▶ [DATASET CONTENT]
#####
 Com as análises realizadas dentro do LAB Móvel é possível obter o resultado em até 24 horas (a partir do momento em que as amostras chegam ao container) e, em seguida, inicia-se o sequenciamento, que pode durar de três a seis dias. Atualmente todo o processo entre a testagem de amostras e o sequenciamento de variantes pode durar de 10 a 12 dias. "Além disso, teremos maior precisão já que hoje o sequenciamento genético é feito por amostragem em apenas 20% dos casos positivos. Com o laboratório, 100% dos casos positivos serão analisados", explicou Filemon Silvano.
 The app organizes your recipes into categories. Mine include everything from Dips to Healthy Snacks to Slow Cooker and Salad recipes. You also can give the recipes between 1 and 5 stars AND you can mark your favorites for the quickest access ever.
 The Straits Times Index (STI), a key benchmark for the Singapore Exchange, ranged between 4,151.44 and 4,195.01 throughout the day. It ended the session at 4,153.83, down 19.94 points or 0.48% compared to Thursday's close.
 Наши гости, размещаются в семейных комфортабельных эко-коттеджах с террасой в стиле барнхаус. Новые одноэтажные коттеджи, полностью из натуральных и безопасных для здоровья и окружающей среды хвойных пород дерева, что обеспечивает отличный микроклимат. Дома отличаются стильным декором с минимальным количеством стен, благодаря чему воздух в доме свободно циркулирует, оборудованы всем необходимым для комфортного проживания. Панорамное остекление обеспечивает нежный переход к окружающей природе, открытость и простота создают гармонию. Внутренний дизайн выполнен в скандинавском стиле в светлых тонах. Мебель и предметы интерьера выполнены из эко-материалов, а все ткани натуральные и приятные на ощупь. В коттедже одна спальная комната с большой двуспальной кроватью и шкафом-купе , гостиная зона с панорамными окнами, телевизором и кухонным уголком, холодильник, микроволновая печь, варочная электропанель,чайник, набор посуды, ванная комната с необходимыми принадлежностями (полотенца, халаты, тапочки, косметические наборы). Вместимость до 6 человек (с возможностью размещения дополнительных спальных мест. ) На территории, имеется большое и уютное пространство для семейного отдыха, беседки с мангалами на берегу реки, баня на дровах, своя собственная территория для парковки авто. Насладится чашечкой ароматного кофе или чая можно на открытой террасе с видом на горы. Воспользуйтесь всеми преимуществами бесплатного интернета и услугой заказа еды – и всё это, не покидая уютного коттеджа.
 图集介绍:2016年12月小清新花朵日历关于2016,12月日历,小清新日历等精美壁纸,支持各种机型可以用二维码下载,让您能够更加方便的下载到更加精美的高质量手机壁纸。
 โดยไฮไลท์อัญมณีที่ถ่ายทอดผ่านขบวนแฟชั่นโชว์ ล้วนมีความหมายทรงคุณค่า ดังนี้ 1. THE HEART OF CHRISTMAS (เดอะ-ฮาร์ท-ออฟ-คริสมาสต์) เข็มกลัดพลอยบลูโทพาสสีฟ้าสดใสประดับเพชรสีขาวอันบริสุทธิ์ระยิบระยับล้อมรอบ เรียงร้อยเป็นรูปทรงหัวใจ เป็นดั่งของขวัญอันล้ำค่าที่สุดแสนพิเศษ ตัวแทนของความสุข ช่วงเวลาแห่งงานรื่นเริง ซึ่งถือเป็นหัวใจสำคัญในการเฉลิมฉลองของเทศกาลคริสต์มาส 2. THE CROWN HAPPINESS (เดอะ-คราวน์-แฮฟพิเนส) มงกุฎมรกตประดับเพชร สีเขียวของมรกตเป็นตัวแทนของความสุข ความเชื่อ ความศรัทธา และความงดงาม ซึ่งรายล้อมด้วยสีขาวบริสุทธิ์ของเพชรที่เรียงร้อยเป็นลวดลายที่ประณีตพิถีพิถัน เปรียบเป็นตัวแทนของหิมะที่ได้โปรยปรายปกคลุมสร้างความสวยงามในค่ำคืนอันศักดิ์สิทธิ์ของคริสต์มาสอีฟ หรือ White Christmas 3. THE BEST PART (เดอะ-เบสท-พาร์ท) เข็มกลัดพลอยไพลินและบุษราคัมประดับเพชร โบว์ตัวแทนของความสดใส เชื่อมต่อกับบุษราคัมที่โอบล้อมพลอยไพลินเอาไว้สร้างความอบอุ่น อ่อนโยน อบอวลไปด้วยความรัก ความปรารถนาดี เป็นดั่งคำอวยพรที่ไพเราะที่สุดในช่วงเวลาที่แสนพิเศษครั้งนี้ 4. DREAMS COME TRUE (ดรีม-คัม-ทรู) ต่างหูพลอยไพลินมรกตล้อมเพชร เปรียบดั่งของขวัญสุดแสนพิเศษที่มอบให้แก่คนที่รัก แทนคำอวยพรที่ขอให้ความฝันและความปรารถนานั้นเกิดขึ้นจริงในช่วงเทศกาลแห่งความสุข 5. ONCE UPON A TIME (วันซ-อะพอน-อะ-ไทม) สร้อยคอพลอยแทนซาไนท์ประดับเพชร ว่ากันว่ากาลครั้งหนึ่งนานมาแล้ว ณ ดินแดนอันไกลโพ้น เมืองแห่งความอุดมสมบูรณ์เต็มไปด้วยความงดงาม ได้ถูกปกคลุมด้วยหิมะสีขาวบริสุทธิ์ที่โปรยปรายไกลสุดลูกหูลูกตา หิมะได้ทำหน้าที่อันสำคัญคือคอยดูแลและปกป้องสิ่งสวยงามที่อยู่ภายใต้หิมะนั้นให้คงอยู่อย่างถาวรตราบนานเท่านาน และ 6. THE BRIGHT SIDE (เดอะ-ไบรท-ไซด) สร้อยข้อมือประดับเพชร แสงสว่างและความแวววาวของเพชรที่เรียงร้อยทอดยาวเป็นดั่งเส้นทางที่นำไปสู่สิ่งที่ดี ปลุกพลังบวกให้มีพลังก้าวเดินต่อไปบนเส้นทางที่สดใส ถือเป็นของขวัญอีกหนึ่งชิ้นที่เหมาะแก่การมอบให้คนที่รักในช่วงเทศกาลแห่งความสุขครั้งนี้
#####
▶ [WORK TO BE COMPLETED]
In the listing above, find the line containing "The Straits Times" and the line containing "图集介绍:2016年12月小", then retype both and every line between them exactly, with nothing else.

▶ [YOUR RESPONSE]
 The Straits Times Index (STI), a key benchmark for the Singapore Exchange, ranged between 4,151.44 and 4,195.01 throughout the day. It ended the session at 4,153.83, down 19.94 points or 0.48% compared to Thursday's close.
 Наши гости, размещаются в семейных комфортабельных эко-коттеджах с террасой в стиле барнхаус. Новые одноэтажные коттеджи, полностью из натуральных и безопасных для здоровья и окружающей среды хвойных пород дерева, что обеспечивает отличный микроклимат. Дома отличаются стильным декором с минимальным количеством стен, благодаря чему воздух в доме свободно циркулирует, оборудованы всем необходимым для комфортного проживания. Панорамное остекление обеспечивает нежный переход к окружающей природе, открытость и простота создают гармонию. Внутренний дизайн выполнен в скандинавском стиле в светлых тонах. Мебель и предметы интерьера выполнены из эко-материалов, а все ткани натуральные и приятные на ощупь. В коттедже одна спальная комната с большой двуспальной кроватью и шкафом-купе , гостиная зона с панорамными окнами, телевизором и кухонным уголком, холодильник, микроволновая печь, варочная электропанель,чайник, набор посуды, ванная комната с необходимыми принадлежностями (полотенца, халаты, тапочки, косметические наборы). Вместимость до 6 человек (с возможностью размещения дополнительных спальных мест. ) На территории, имеется большое и уютное пространство для семейного отдыха, беседки с мангалами на берегу реки, баня на дровах, своя собственная территория для парковки авто. Насладится чашечкой ароматного кофе или чая можно на открытой террасе с видом на горы. Воспользуйтесь всеми преимуществами бесплатного интернета и услугой заказа еды – и всё это, не покидая уютного коттеджа.
 图集介绍:2016年12月小清新花朵日历关于2016,12月日历,小清新日历等精美壁纸,支持各种机型可以用二维码下载,让您能够更加方便的下载到更加精美的高质量手机壁纸。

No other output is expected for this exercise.